(Aim of the exercise): Print every line below exactly as written, but leave the pictures behind.

(Records shown):

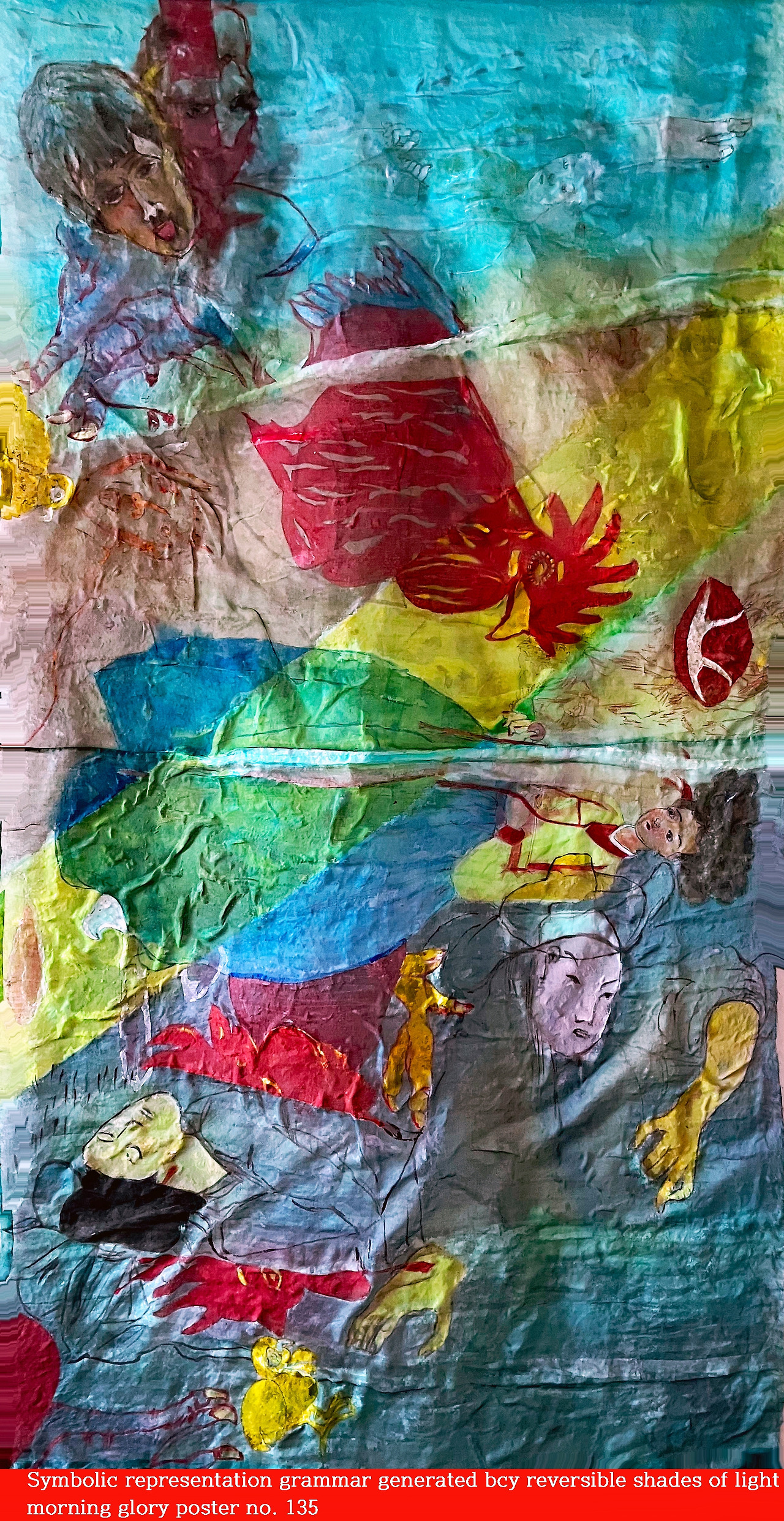 In this way, realism and abstract symbols repeatedly collide, revealing the symbolic structure before language.
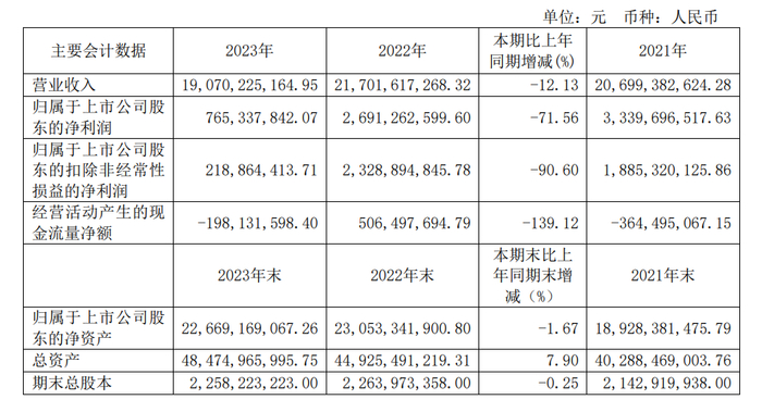 杉杉股份2023年业绩表现
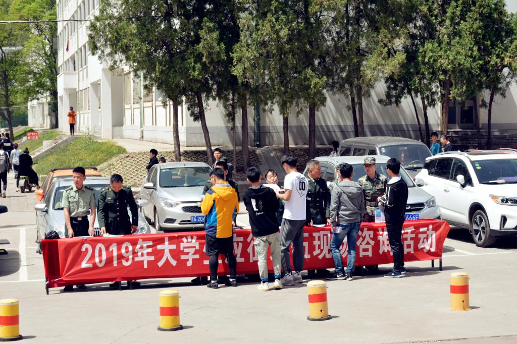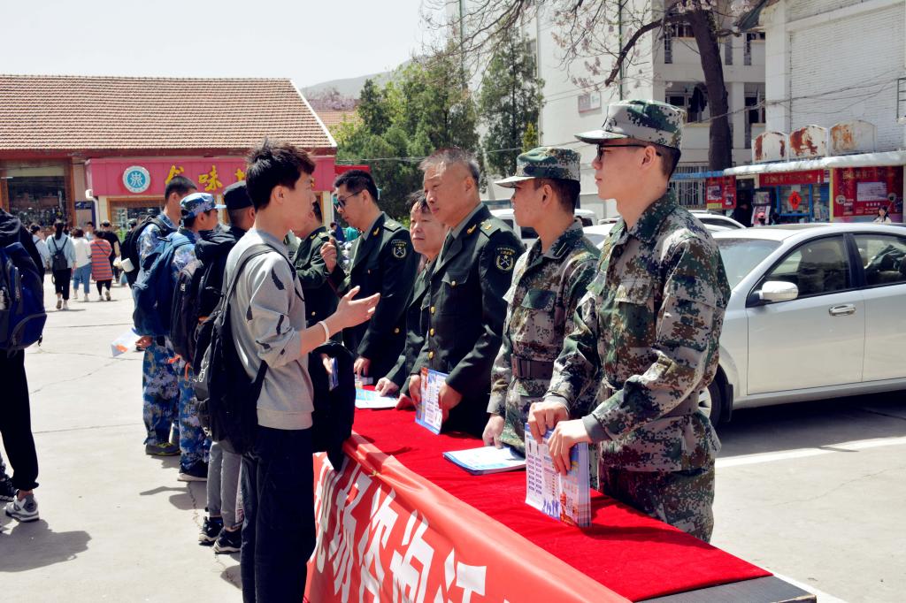 为深入推进我校大学生征兵工作,加强征兵政策宣传,鼓励广大学生积极投身绿色军营,4月30日中午,我校武装部在龙泉餐厅前广场开展大学生征兵宣传咨询活动。
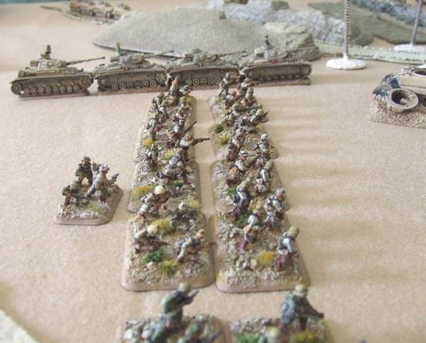 1. Deployment. At the start of each round use the Deployment Phase to perform all the actions that are preliminary to combat, such as change of tactical posture, sending Orders, testing for Charges and testing for other events such as a unit's success at scouting or movement through difficult terrain. You should think carefully about your tactics before you issue directions. For example, if a command has been on the defensive (with Hold Orders) and the enemy attack is faltering, you may decide to attack soon. Think ahead and send an Attack order some rounds in advance. Once the order arrives and you want to encourage the men to assault an enemy position, then send their commander to join the key unit BEFORE you test for the assault. Sending him afterwards will be too late. Remember to allow some margin for delays and errors such as a misinterpretation of Orders. This is part of the "fog of battle" built into Iron Tigers. You will find that it is quite a challenge to control a battle even with modern aids such as direct radio contact. It gives the sensation of how it must have been and you may feel more sympathy for generals of those times after the experience.
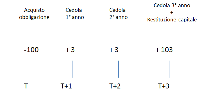 Ipotizzando un’obbligazione a tasso fisso della durata di 3 anni, tasso fisso del 3%, cedole annuali e prezzo di emissione pari a 100. Il flusso di cassa per l’investitore sarà pari a:
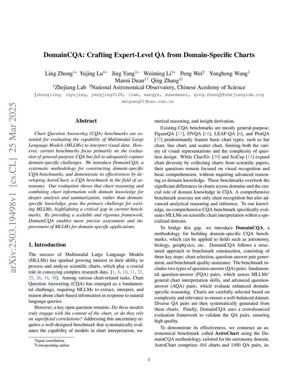 Chart Question Answering (CQA) evaluates Multimodal Large Language Models (MLLMs) on visual understanding and reasoning over chart data. However, existing benchmarks mostly test surface-level parsing, such as reading labels and legends, while overlooking deeper scientific reasoning. We propose DomainCQA, a framework for constructing domain-specific CQA benchmarks that emphasize both visual comprehension and knowledge-intensive reasoning. It integrates complexity-aware chart selection, multitier QA generation, and expert validation. Applied to astronomy, DomainCQA yields AstroChart, a benchmark of 1,690 QA pairs over 482 charts, exposing persistent weaknesses in fine-grained perception, numerical reasoning, and domain knowledge integration across 21 MLLMs. Fine-tuning on AstroChart improves performance across fundamental and advanced tasks. Pilot QA sets in biochemistry, economics, medicine, and social science further demonstrate DomainCQA's generality. Together, our results establish DomainCQA as a unified pipeline for constructing and augmenting domain-specific chart reasoning benchmarks.
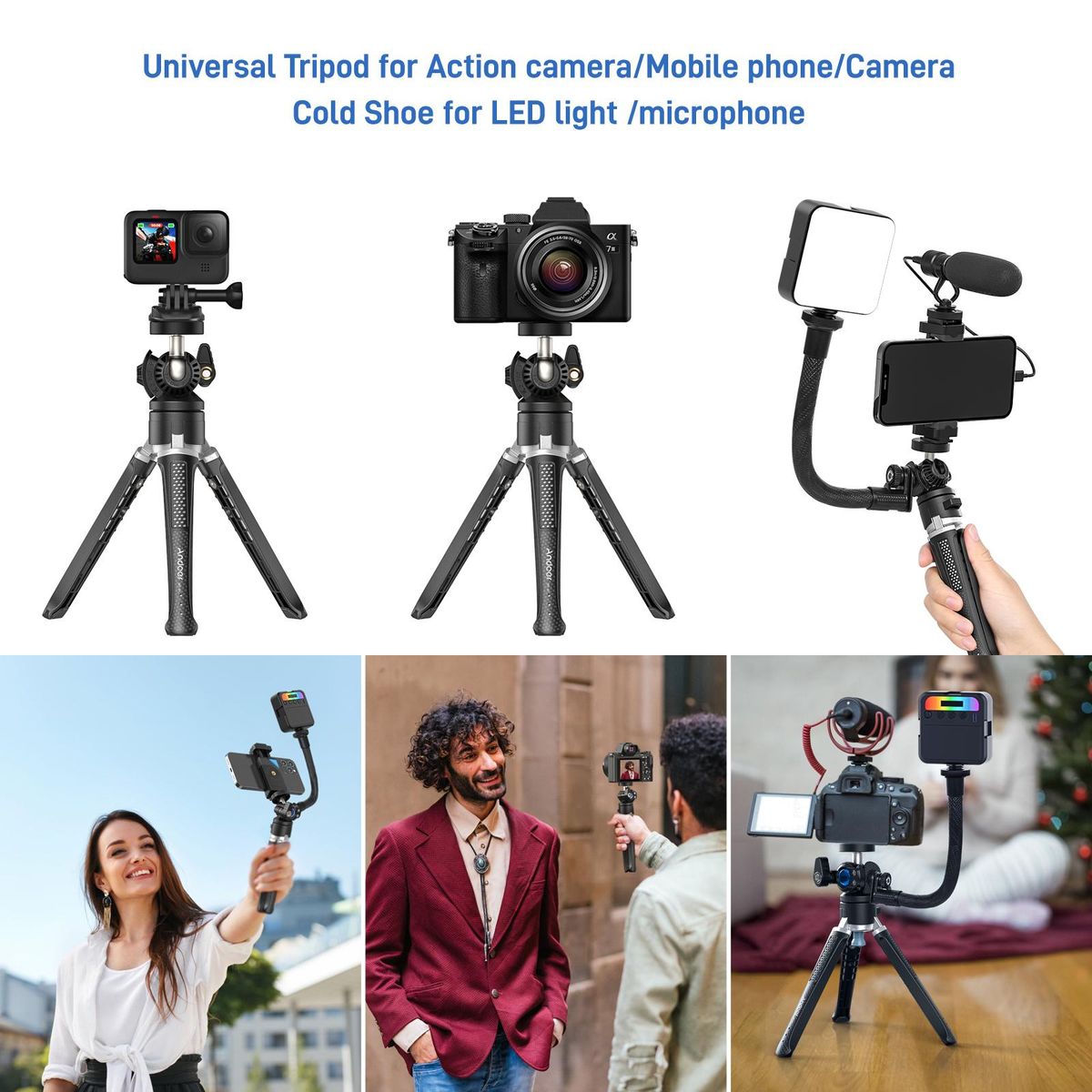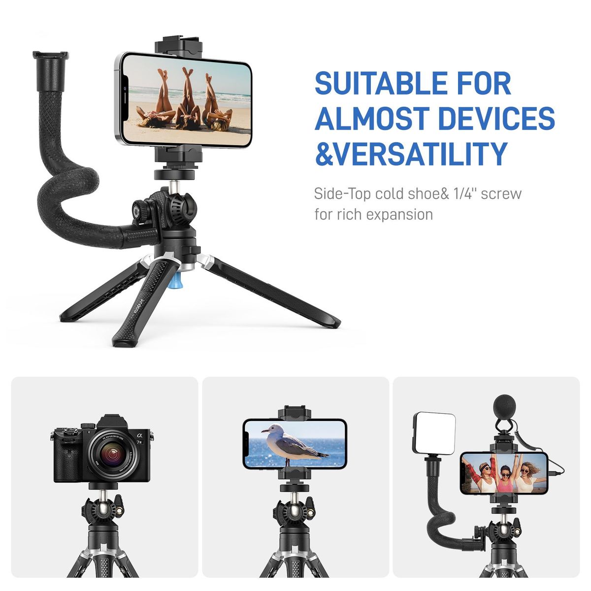 Buy Andoer MT-01 Desktop Tripod Stand 2 Levels Adjustable Height 360° Rotatable Ball Head with Phone Holder Flexible Extension Arm Max. 5kg Load Capacity for Vlog Live Streaming Online Teaching Video Conference in Nigeria
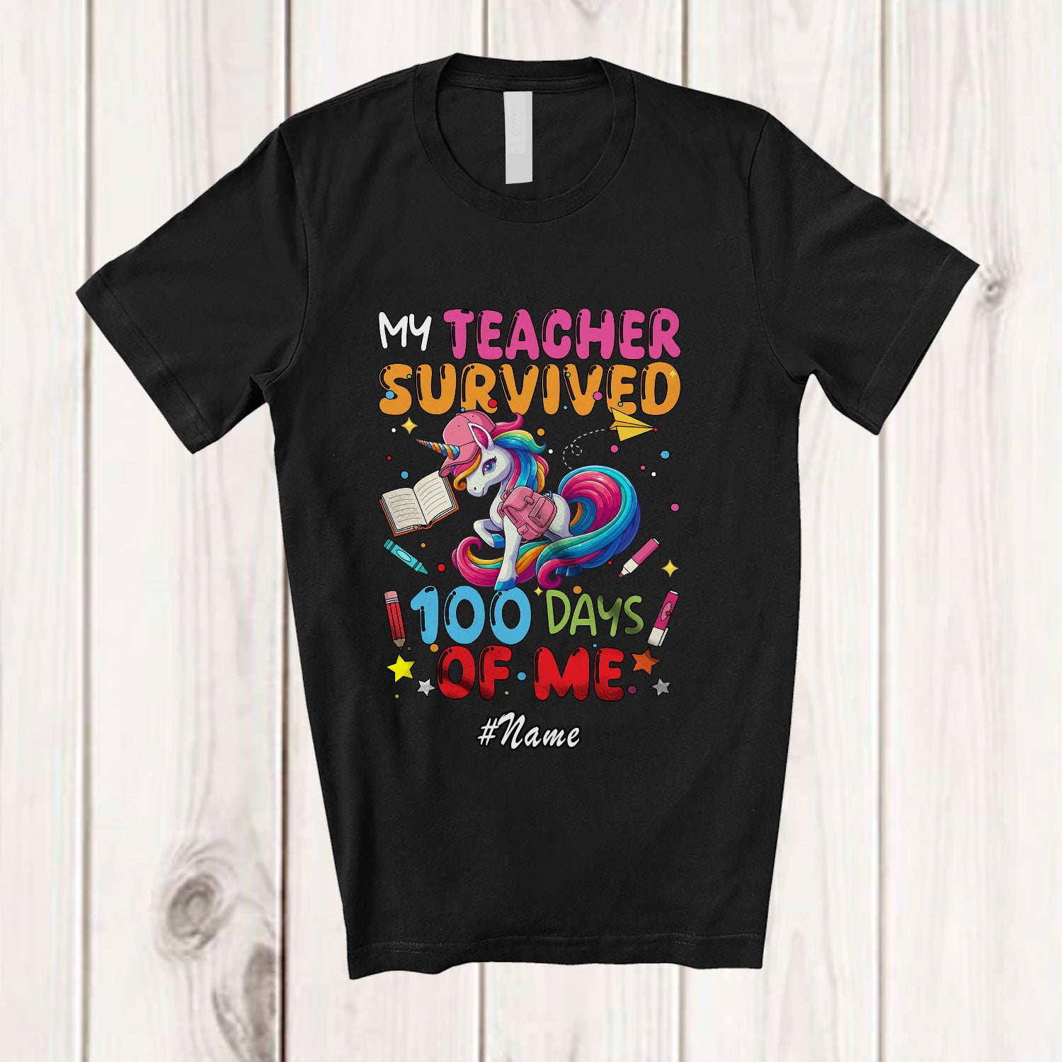 Personalized Custom Name Teacher Survived 100 Days Of Me; Joyful 100th Day School Students Unicorn T-Shirt. This cotton t-shirt is a durable staple product with a classic fit. One of the most popular items, it has a relaxed style made for everyday and casual wear.

(Task output):
 In this way, realism and abstract symbols repeatedly collide, revealing the symbolic structure before language.
 杉杉股份2023年业绩表现
 为深入推进我校大学生征兵工作,加强征兵政策宣传,鼓励广大学生积极投身绿色军营,4月30日中午,我校武装部在龙泉餐厅前广场开展大学生征兵宣传咨询活动。
 1. Deployment. At the start of each round use the Deployment Phase to perform all the actions that are preliminary to combat, such as change of tactical posture, sending Orders, testing for Charges and testing for other events such as a unit's success at scouting or movement through difficult terrain. You should think carefully about your tactics before you issue directions. For example, if a command has been on the defensive (with Hold Orders) and the enemy attack is faltering, you may decide to attack soon. Think ahead and send an Attack order some rounds in advance. Once the order arrives and you want to encourage the men to assault an enemy position, then send their commander to join the key unit BEFORE you test for the assault. Sending him afterwards will be too late. Remember to allow some margin for delays and errors such as a misinterpretation of Orders. This is part of the "fog of battle" built into Iron Tigers. You will find that it is quite a challenge to control a battle even with modern aids such as direct radio contact. It gives the sensation of how it must have been and you may feel more sympathy for generals of those times after the experience.
 Ipotizzando un’obbligazione a tasso fisso della durata di 3 anni, tasso fisso del 3%, cedole annuali e prezzo di emissione pari a 100. Il flusso di cassa per l’investitore sarà pari a:
 Chart Question Answering (CQA) evaluates Multimodal Large Language Models (MLLMs) on visual understanding and reasoning over chart data. However, existing benchmarks mostly test surface-level parsing, such as reading labels and legends, while overlooking deeper scientific reasoning. We propose DomainCQA, a framework for constructing domain-specific CQA benchmarks that emphasize both visual comprehension and knowledge-intensive reasoning. It integrates complexity-aware chart selection, multitier QA generation, and expert validation. Applied to astronomy, DomainCQA yields AstroChart, a benchmark of 1,690 QA pairs over 482 charts, exposing persistent weaknesses in fine-grained perception, numerical reasoning, and domain knowledge integration across 21 MLLMs. Fine-tuning on AstroChart improves performance across fundamental and advanced tasks. Pilot QA sets in biochemistry, economics, medicine, and social science further demonstrate DomainCQA's generality. Together, our results establish DomainCQA as a unified pipeline for constructing and augmenting domain-specific chart reasoning benchmarks.
 Buy Andoer MT-01 Desktop Tripod Stand 2 Levels Adjustable Height 360° Rotatable Ball Head with Phone Holder Flexible Extension Arm Max. 5kg Load Capacity for Vlog Live Streaming Online Teaching Video Conference in Nigeria
 Personalized Custom Name Teacher Survived 100 Days Of Me; Joyful 100th Day School Students Unicorn T-Shirt. This cotton t-shirt is a durable staple product with a classic fit. One of the most popular items, it has a relaxed style made for everyday and casual wear.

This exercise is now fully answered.